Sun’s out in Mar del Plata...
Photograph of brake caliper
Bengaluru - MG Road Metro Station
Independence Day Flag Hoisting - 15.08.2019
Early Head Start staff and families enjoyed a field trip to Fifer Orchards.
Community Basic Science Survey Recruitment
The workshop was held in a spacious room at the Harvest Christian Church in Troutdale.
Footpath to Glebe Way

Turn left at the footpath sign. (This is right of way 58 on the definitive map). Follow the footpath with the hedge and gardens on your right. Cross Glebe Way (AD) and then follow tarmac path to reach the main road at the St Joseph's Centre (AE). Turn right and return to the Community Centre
================================
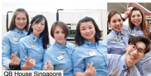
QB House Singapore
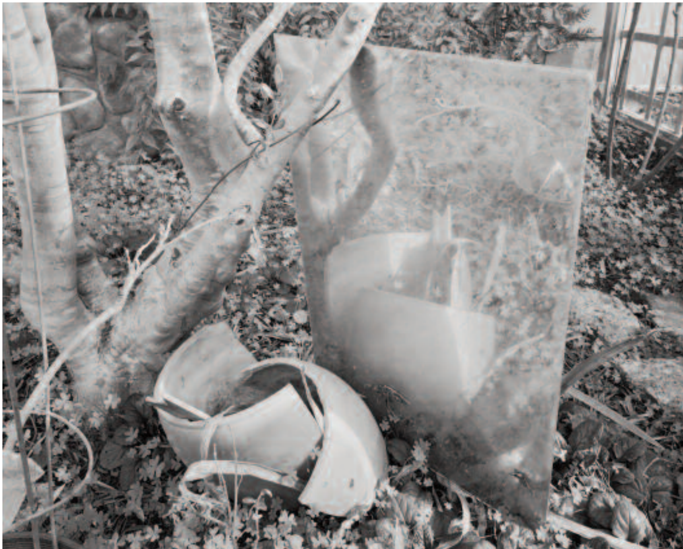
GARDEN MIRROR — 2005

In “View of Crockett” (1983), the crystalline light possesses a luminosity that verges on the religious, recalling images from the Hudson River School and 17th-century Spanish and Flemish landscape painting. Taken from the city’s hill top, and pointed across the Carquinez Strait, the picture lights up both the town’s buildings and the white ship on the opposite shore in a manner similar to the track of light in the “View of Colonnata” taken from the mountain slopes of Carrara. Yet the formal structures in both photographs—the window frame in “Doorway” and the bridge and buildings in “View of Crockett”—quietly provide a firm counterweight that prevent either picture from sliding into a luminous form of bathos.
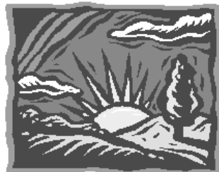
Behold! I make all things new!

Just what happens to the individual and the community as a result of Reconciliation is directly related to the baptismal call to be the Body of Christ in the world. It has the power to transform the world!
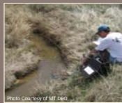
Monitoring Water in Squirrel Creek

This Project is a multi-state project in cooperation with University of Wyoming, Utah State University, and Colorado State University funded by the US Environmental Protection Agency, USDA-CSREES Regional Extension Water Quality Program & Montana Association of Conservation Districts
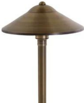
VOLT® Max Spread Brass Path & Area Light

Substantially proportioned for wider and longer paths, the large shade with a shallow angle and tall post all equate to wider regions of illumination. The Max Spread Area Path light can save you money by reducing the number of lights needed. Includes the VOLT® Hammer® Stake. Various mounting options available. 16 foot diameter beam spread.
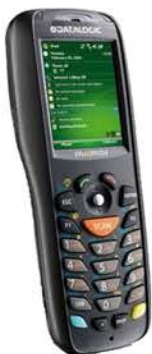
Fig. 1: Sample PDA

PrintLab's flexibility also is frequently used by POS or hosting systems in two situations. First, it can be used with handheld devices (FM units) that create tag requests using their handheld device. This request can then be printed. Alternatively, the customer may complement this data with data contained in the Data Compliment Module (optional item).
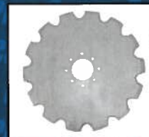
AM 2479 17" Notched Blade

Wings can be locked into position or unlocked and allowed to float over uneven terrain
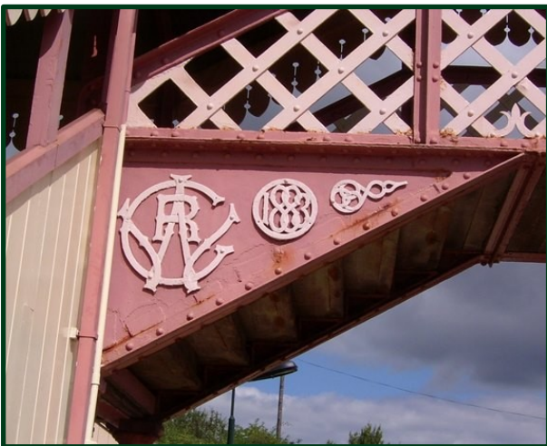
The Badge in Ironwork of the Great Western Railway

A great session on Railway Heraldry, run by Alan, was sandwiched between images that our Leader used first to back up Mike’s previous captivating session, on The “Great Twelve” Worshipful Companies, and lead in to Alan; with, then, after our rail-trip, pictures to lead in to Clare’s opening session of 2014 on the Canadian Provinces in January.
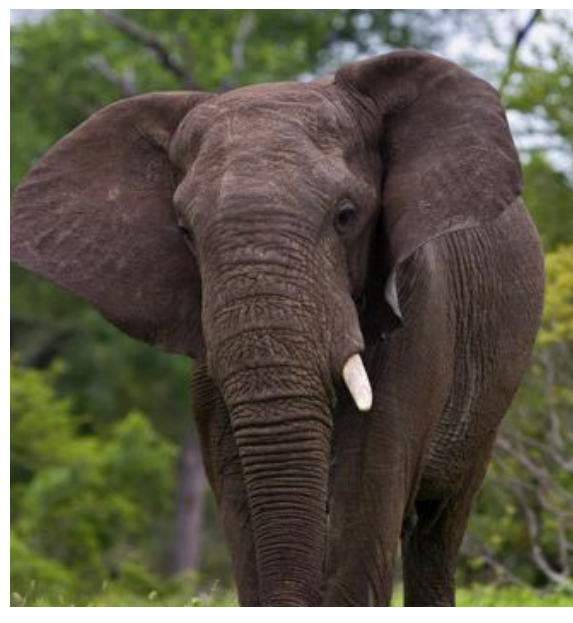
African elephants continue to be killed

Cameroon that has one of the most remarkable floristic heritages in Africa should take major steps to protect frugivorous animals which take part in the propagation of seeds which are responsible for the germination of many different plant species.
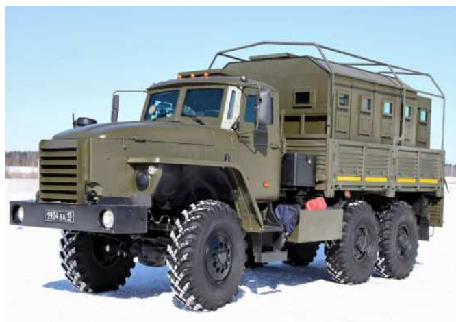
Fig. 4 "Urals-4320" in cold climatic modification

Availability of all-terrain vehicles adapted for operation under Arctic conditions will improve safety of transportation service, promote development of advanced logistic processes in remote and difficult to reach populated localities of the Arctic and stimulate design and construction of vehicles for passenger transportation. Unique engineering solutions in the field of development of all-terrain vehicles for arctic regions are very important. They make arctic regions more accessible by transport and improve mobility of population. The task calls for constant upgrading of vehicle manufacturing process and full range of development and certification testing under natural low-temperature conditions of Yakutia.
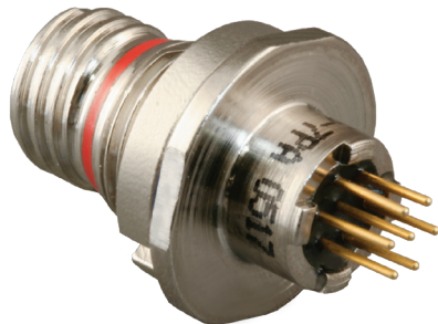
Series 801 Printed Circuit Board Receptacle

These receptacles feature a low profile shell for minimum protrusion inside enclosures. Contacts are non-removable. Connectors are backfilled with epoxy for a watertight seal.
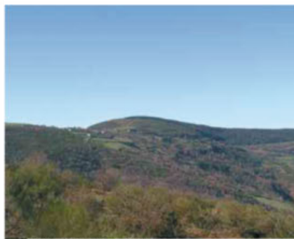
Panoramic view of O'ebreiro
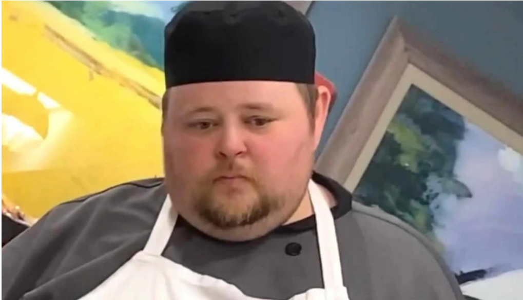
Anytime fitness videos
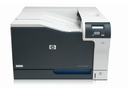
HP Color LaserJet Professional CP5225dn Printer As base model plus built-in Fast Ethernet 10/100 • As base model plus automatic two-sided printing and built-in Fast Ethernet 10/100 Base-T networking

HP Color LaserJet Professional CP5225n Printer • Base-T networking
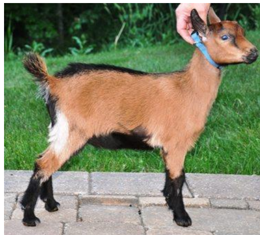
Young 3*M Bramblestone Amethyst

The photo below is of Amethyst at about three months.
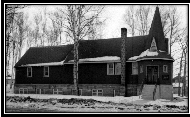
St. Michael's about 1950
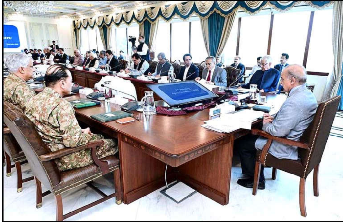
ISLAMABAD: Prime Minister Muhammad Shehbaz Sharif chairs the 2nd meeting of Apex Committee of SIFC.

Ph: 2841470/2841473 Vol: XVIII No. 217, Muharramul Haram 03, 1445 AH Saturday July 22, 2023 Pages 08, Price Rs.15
================================
ABOUT THIS EXERCISE: In the entries above, restate word for word the lines between the one holding "Sun’s out in Mar del Plata..." and the one holding "Community Basic Science Survey Recruitment", inclusive, and nothing besides.

OUTPUT FOR THIS TASK:
Sun’s out in Mar del Plata...
Photograph of brake caliper
Bengaluru - MG Road Metro Station
Independence Day Flag Hoisting - 15.08.2019
Early Head Start staff and families enjoyed a field trip to Fifer Orchards.
Community Basic Science Survey Recruitment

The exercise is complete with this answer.